Читаем Эстетика пространства полностью

Рекламные щиты, паразитирующие на шлейфе чувственных и семантических ассоциаций, связанных с уютом, соединяют его с комфортом так, как если бы это были синонимы: «уют и комфорт в вашем доме», «все для уюта и комфорта» и т. д. Но комфорт, выдающий себя за уют, столь же далек от подлинного уюта, как стилизация от стиля. Стилизация воспроизводит внешнюю форму стиля: за формой, повторенной стилизатором, не стоит того духовного содержания, которым жив стиль. Стилизация рефлексивна, лишена онтологической непреложности, она отражает вкусовые предпочтения заказчика или архитектора. Стилизация выдает себя за стиль. Стилизацию могут принять за стиль только не искушенные в архитектуре люди.

Подобно ей, и комфорт (если сопоставить его с уютом) рационален, умышлен и, по сравнению с уютом, «бесчеловечен» (дегуманизирован), хотя и стремится к очеловеченности, что выражается в желании проектировщика учесть, по возможности, запросы, предъявляемые к жилищу его хозяином.

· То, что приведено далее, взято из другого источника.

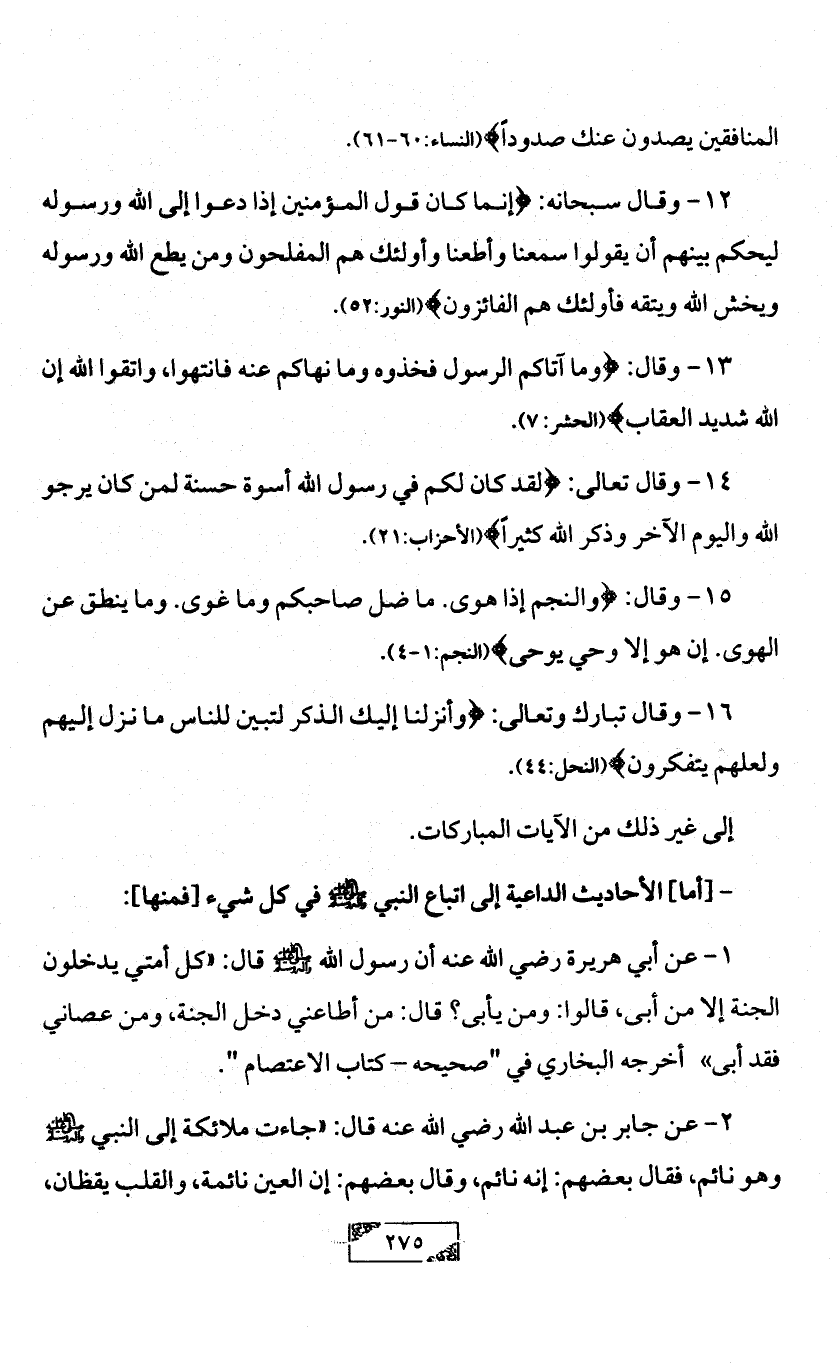 1 - عن أبي هريرة رضي الله عنه أن رسول الله - صلى الله عليه وآله وسلم - قال: «كل أمتي يدخلون الجنة إلا من أبى، قالوا: ومن يأبى؟ قال: من أطاعني دخل الجنة، ومن عصاني فقد أبى «أخرجه البخاري في "صحيحه - كتاب الاعتصام ".
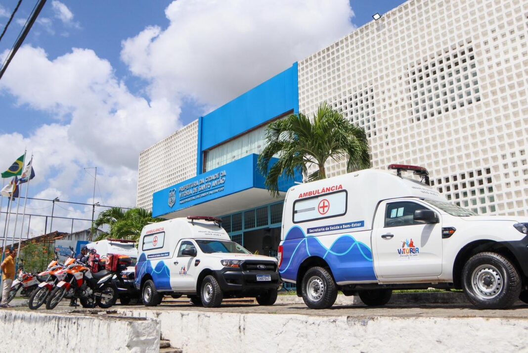 Novos veículos para a frota da Secretaria de Saúde e Bem-Estar foram entregues na manhã desta quinta-feira (08), pela Prefeitura da Vitória de Santo Antão, em um ato ocorrido em frente ao Palácio José Joaquim da Silva Filho, que teve a presença de servidores, vereadores e convidados. No total, foram sete ambulâncias, duas motolâncias, e uma moto administrativa para o Serviço de Atendimento Móvel de Urgência (Samu), que também recebeu novos fardamentos.
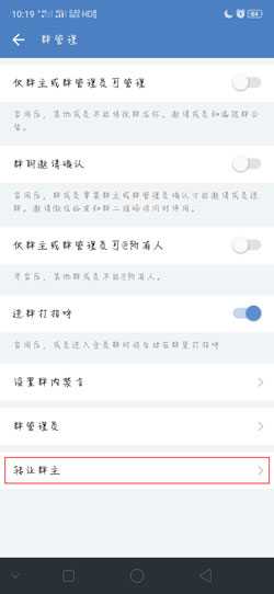 3、在最下方选择【转让群主】,选择群内需要转让的人员即可
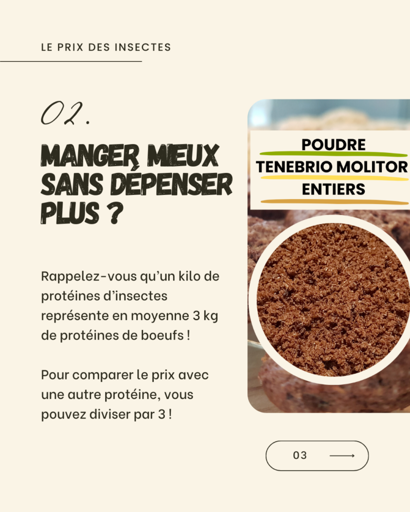 Le prix des insectes peut parfois sembler élevé, mais il est important de prendre en compte leur valeur nutritionnelle. Un kilo de protéines d’insectes équivaut en moyenne à 3 kg de protéines de boeuf. En comparant le prix au prorata de la quantité de protéines, on se rend compte que les insectes sont une option économique intéressante.
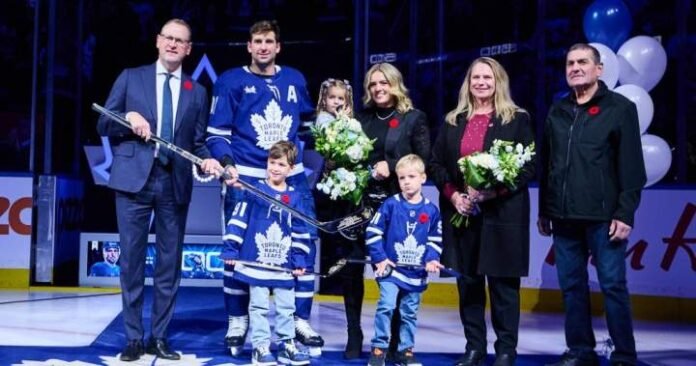 TORONTO – John Tavares was joined on the ice before Wednesday’s opening faceoff by his family to mark an impressive milestone.
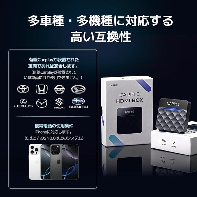 【3in1アダプターで車載エンタメ環境を完成】CARPLE HDMI BOXは、有線CarPlayを標準搭載している車両に対応し、3機能でドライブ時間をより快適に変えます。「HDMIポートを搭載」:TVスティックやストリーミング機器と接続することで、YouTubeやNetflixなどの映像コンテンツを車内モニターに出力できます。「スマートフォンのミラーリングに対応」:スマートフォンの画面を車内モニターにミラーリング表示できます。(※接続には別途ケーブルが必要)。「有線CarPlayの無線化」:面倒なケーブル接続なしで、ワイヤレスCarPlayへ簡単にアップグレード可能。
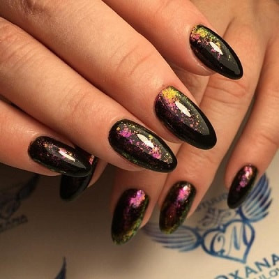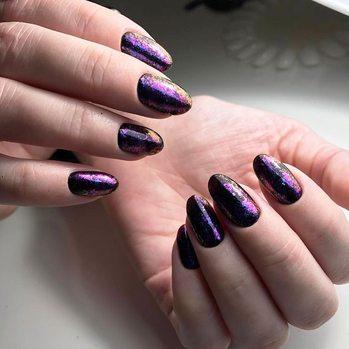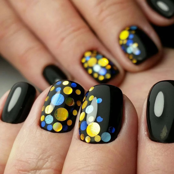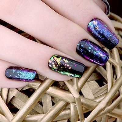 Особенностью маникюра с блестками считается его универсальность. Он подходит для ногтей разной длины, хорошо сочетается с основой разного оттенка.

Но как стилизация не способна заменить собой стиль, так и комфорт не способен заменить уют. То, что рождается, возникает со временем, что само собой появляется (органическое) не может быть рационально организовано и собрано так, как собирают модель дома. Комфорт (и в рамках рекламно-языковых игр, и в жизненной практике) не просто замещает (заменяет собой) уют, но и выдает себя за «то же самое», но только более «продвинутое», современное, его отношение к уюту можно определить как подмену. Пытаясь найти подходящую метафору, которая могла бы удержать подмену уюта комфортом, мы остановились на слове «кукла». Комфорт – это кукла уюта.

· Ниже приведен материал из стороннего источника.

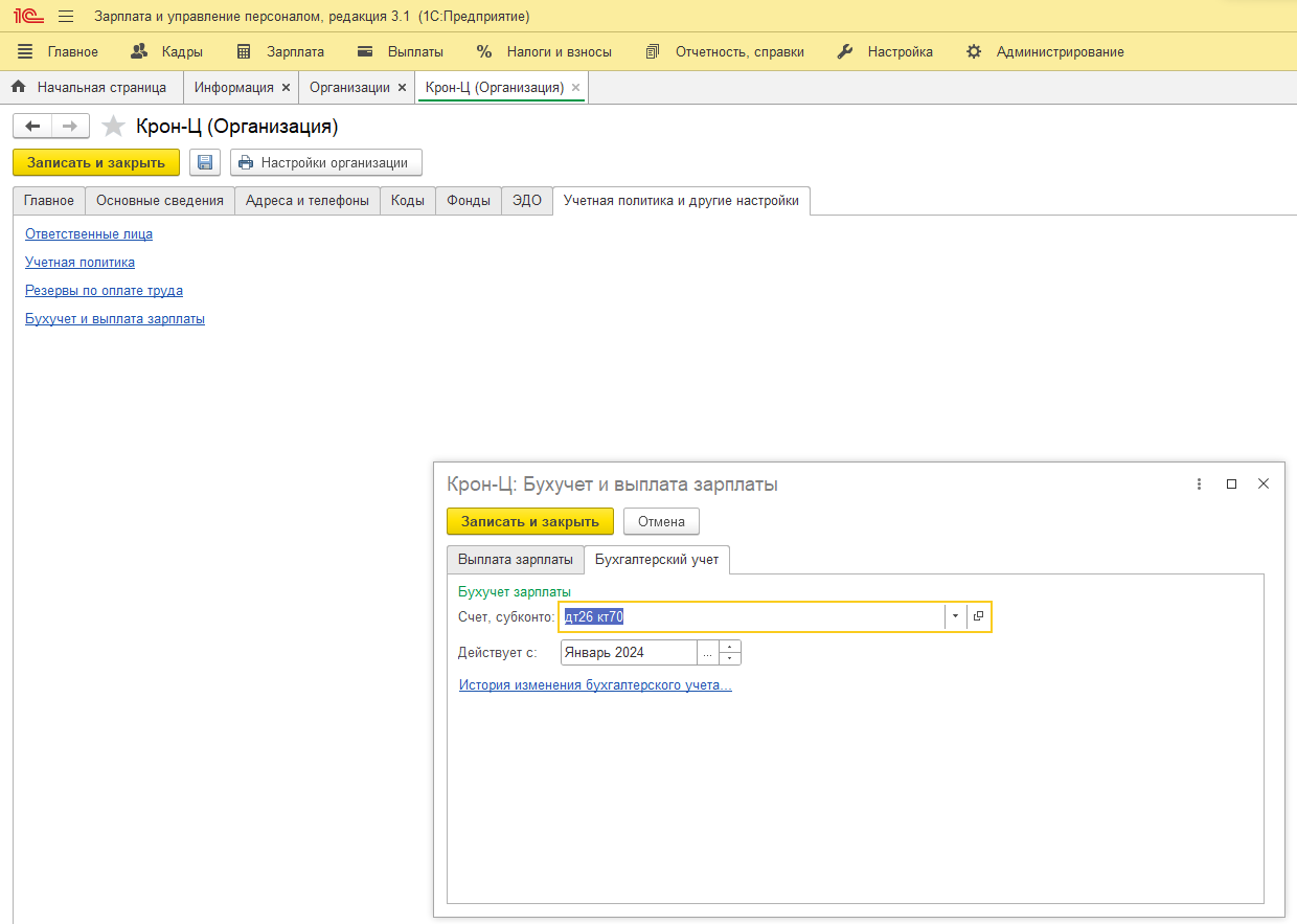 Первый шаг — корректно заполнить учетную политику. В карточке организации на вкладке «Бухучет и выплата зарплаты» задаются счета учета и субконто. Именно они подставляются в документы по умолчанию.
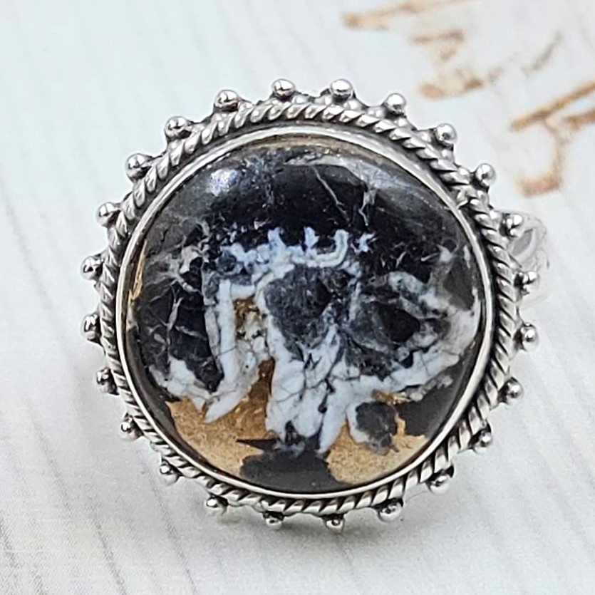 White Buffalo Copper Turquoise Size US 8 925 Sterling Silver Ring (REXT45-187)
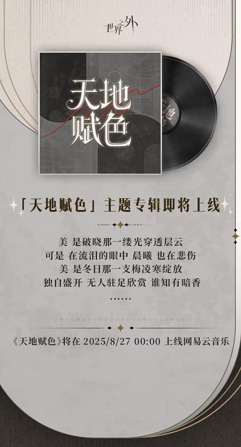 世界之外游戏的特殊副本“天地赋色”主题歌曲《天地赋色》已于8月27日00:00正式在网易云音乐平台上线,玩家可以通过前往网易云音乐歌手「世界之外」的主页收听。
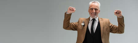 cheerful middle aged groom in suit with floral boutonniere gesturing isolated on grey, banner

В своем исходном значении кукла отсылает к детской игрушке, то есть к изготовленной для игры маленькой модели человека или животного. Кукла – подобие живого существа (игрушечную машину, мебель, инструмент куклой не называют). Ее особенность (и, в первую очередь, особенность мастерски изготовленной реалистической игрушки) в том, что она похожа на настоящего человека, более того, пропорции кукольного человечка могут быть даже более совершенными, чем у живых людей.

Сама по себе кукла не вызывает отрицательных эмоций и реакции отторжения. Когда она сделана мастерски, мы, взрослые, восхищаемся ей как произведением декоративно-прикладного искусства. Ведь детская кукла (игрушка) и не пытается скрыть от нас того, что она – только кукла, модель человека, его имитация. Величина, неподвижность, материал, из которого она создана, не позволяют принять ее за настоящего человека. Она «оживает» благодаря детскому воображению.

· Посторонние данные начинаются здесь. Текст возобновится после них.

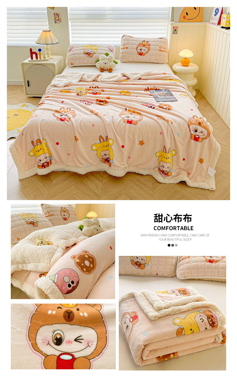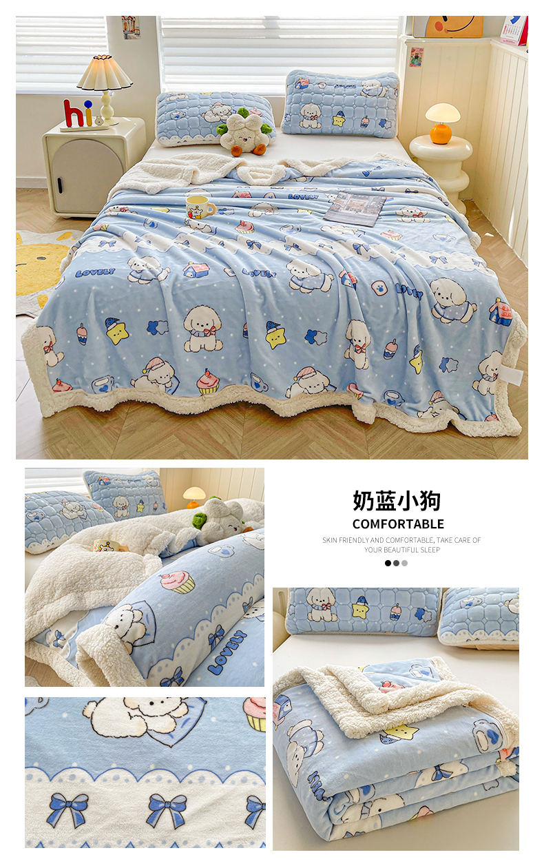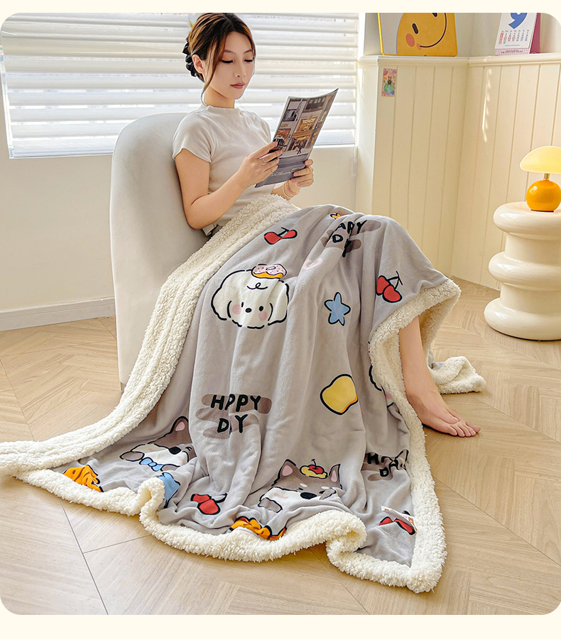 商品名称:雯豆家纺 2025新款双面暖绒多功能被套毯盖毯毯子 皮皮狗

Все меняется, если мы имеем дело с такой имитацией, которая скрывает, что она не есть то, что изображает. Так происходит, в частности, когда кукла изготавливается с прицелом на обман восприятия. Манекен (большая кукла утилитарного назначения) также ни у кого не вызывает отторжения (манекен имитирует человека откровенно, не пытаясь приблизиться к оригиналу), но если создатели подобия стремятся к точному и натуралистичному воспроизведению конкретного человека («музей восковых фигур»), то восковой (или какой-то еще) истукан вполне может вызывать страх и реакцию отторжения. Причем реакция отшатывания от восковой куклы будет тем сильнее, чем лучше она сделана. Почему возникает отшатывание? Потому что мертвое выдает себя за живое, искусственное за рожденное природой. Свои негативные коннотации кукла приобретает именно тогда, когда она выдает себя за человека.

Отсюда и негативная коннотация «кукольности» как эпитета, используемого в описании человека. Так, к примеру, выражения «кукольное лицо», «кукольная красота»[246] используются для оценки внешности человека, которая вроде бы и хороша, и гармонична, но имеет в себе что-то отталкивающее. Неприятное «что-то» в кукольных лицах – это сочетание правильности черт с отсутствием выражения, с невыявленностью внутреннего. Такие лица (и тела в целом) не освещены изнутри, они не просто невыразительны (так можно высказаться об обычных, «усредненных» лицах), они лишены выражения, это неодушевленные, пустые лица[247].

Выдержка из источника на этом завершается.